+++ Given data

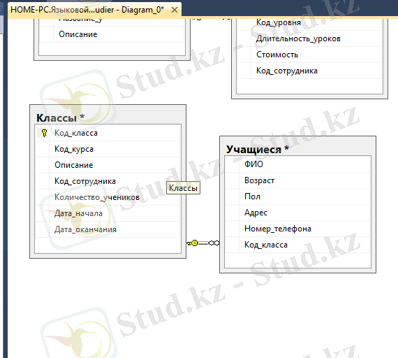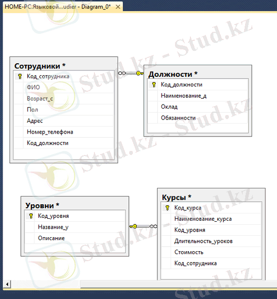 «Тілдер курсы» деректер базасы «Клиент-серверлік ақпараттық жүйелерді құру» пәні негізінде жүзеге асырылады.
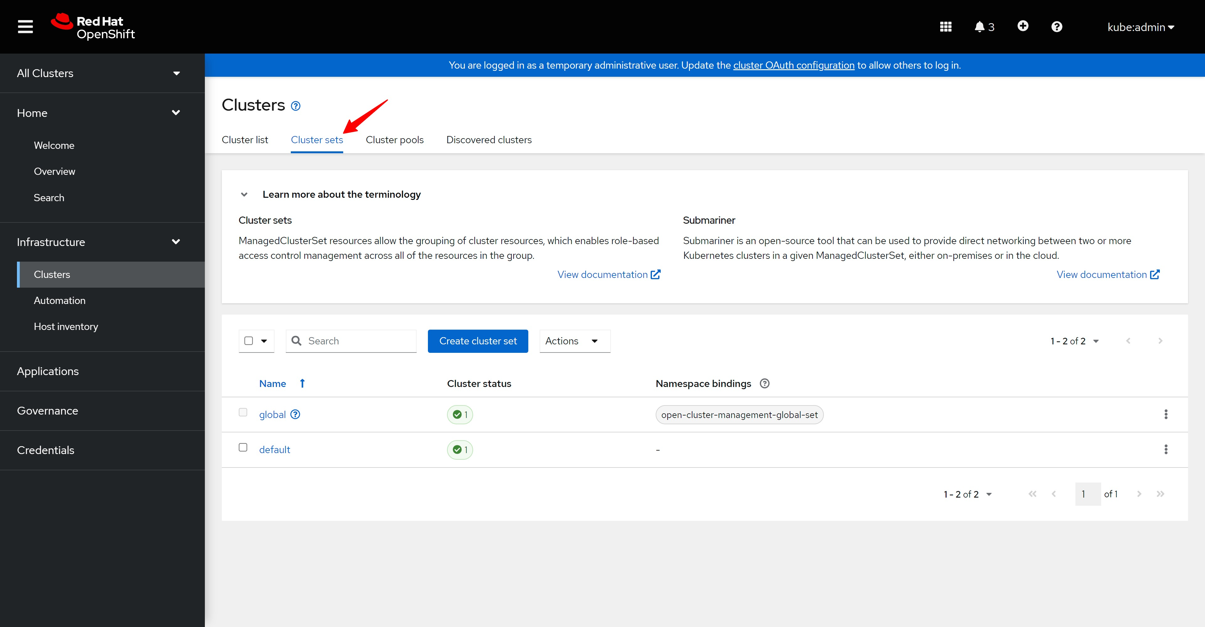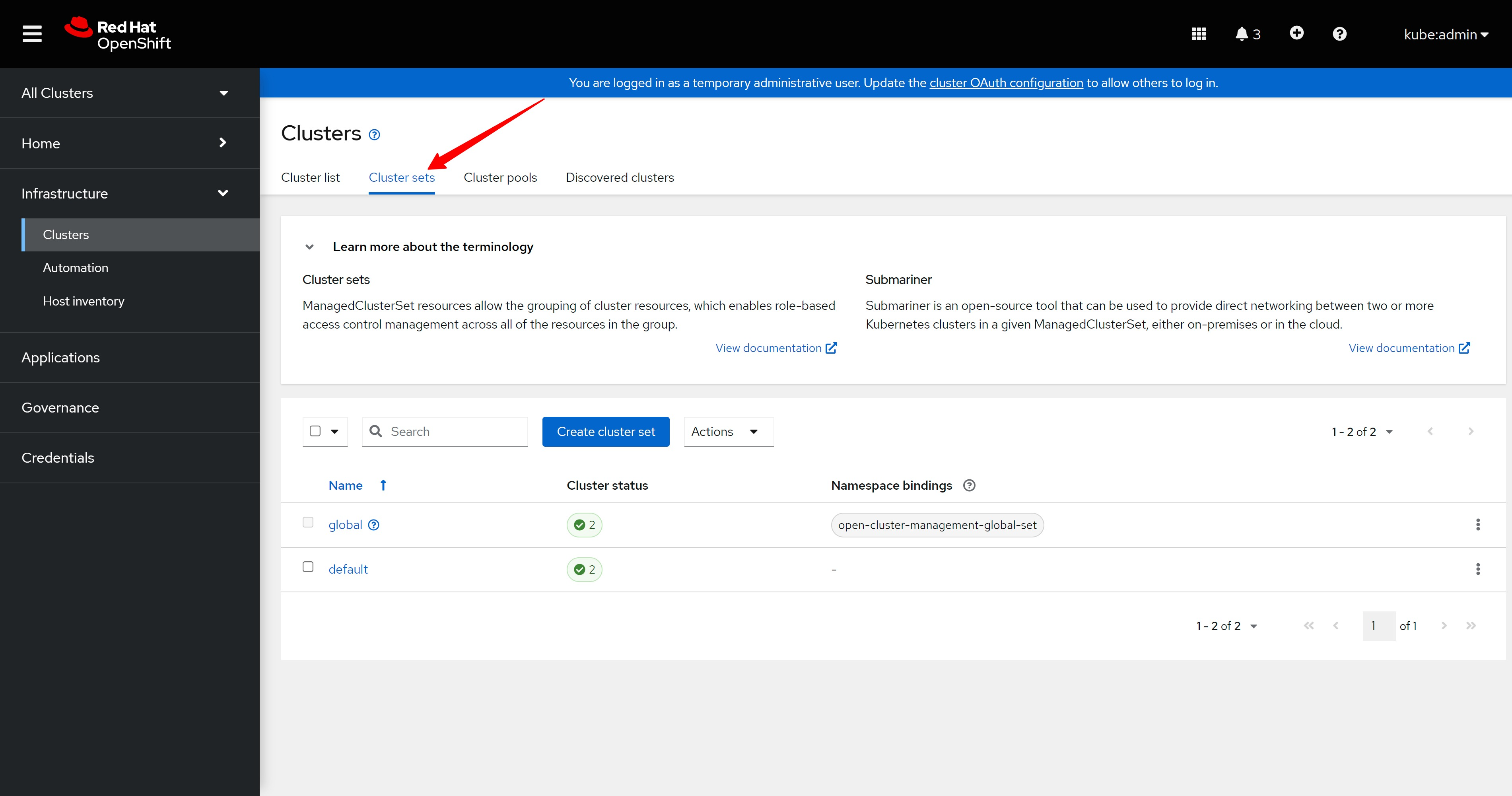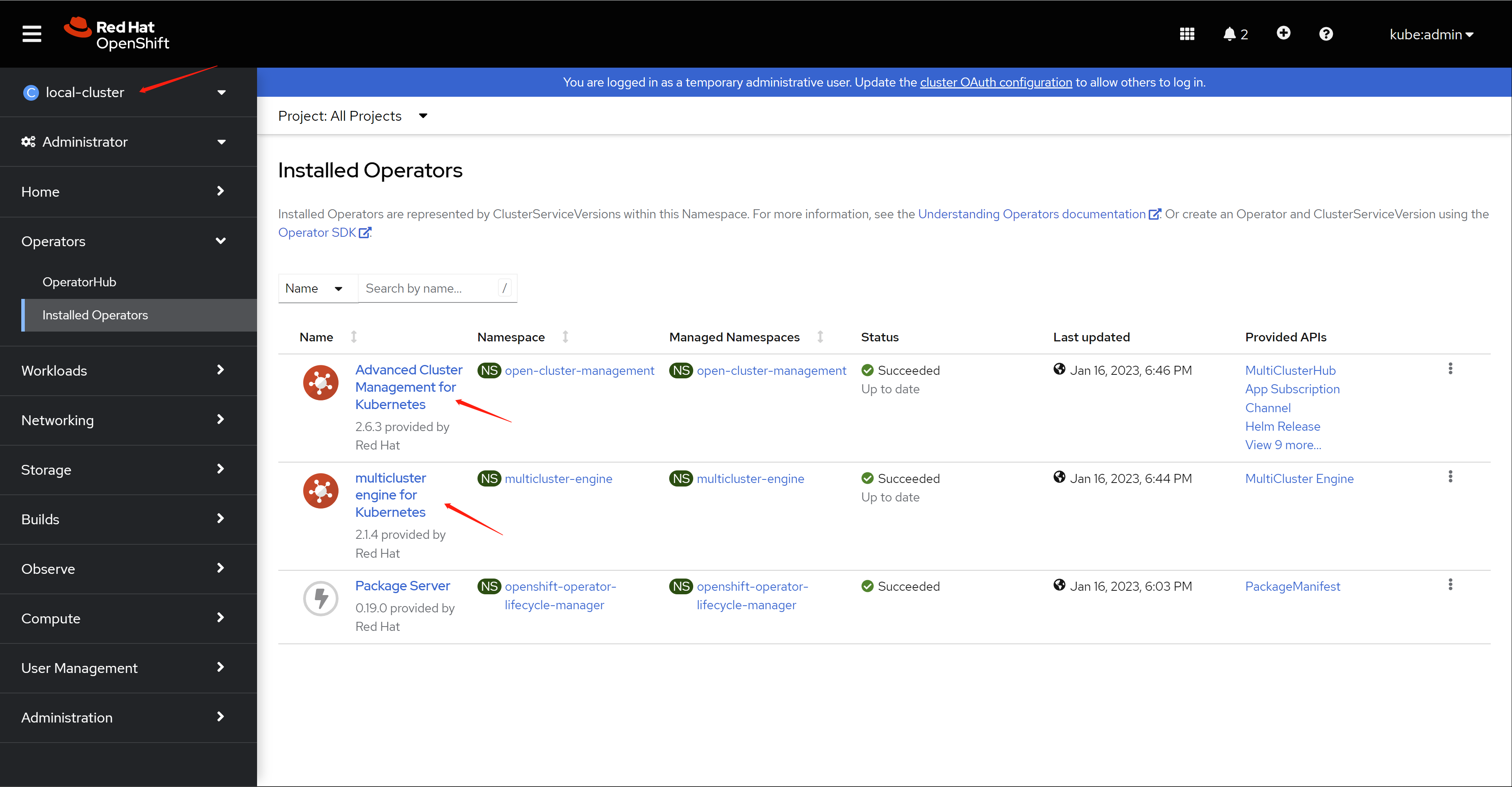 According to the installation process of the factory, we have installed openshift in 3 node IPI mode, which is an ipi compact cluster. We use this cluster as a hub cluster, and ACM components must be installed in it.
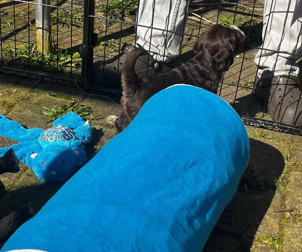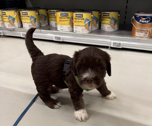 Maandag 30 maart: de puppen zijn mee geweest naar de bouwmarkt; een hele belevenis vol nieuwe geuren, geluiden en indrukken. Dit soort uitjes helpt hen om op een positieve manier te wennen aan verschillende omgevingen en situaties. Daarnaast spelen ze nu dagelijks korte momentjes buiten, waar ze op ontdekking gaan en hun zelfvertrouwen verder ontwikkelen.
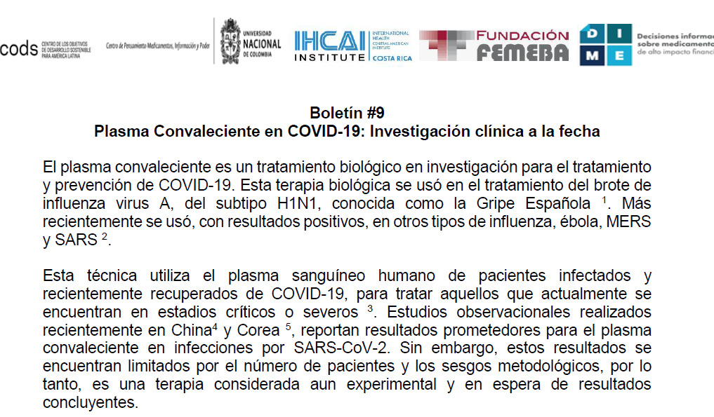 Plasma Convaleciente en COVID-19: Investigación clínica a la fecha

++++++

- Directions -
None of the pictures should appear, though every line of the data above must be reproduced exactly.

- Answer to this task -
 «Тілдер курсы» деректер базасы «Клиент-серверлік ақпараттық жүйелерді құру» пәні негізінде жүзеге асырылады.
 According to the installation process of the factory, we have installed openshift in 3 node IPI mode, which is an ipi compact cluster. We use this cluster as a hub cluster, and ACM components must be installed in it.
 Maandag 30 maart: de puppen zijn mee geweest naar de bouwmarkt; een hele belevenis vol nieuwe geuren, geluiden en indrukken. Dit soort uitjes helpt hen om op een positieve manier te wennen aan verschillende omgevingen en situaties. Daarnaast spelen ze nu dagelijks korte momentjes buiten, waar ze op ontdekking gaan en hun zelfvertrouwen verder ontwikkelen.
 Plasma Convaleciente en COVID-19: Investigación clínica a la fecha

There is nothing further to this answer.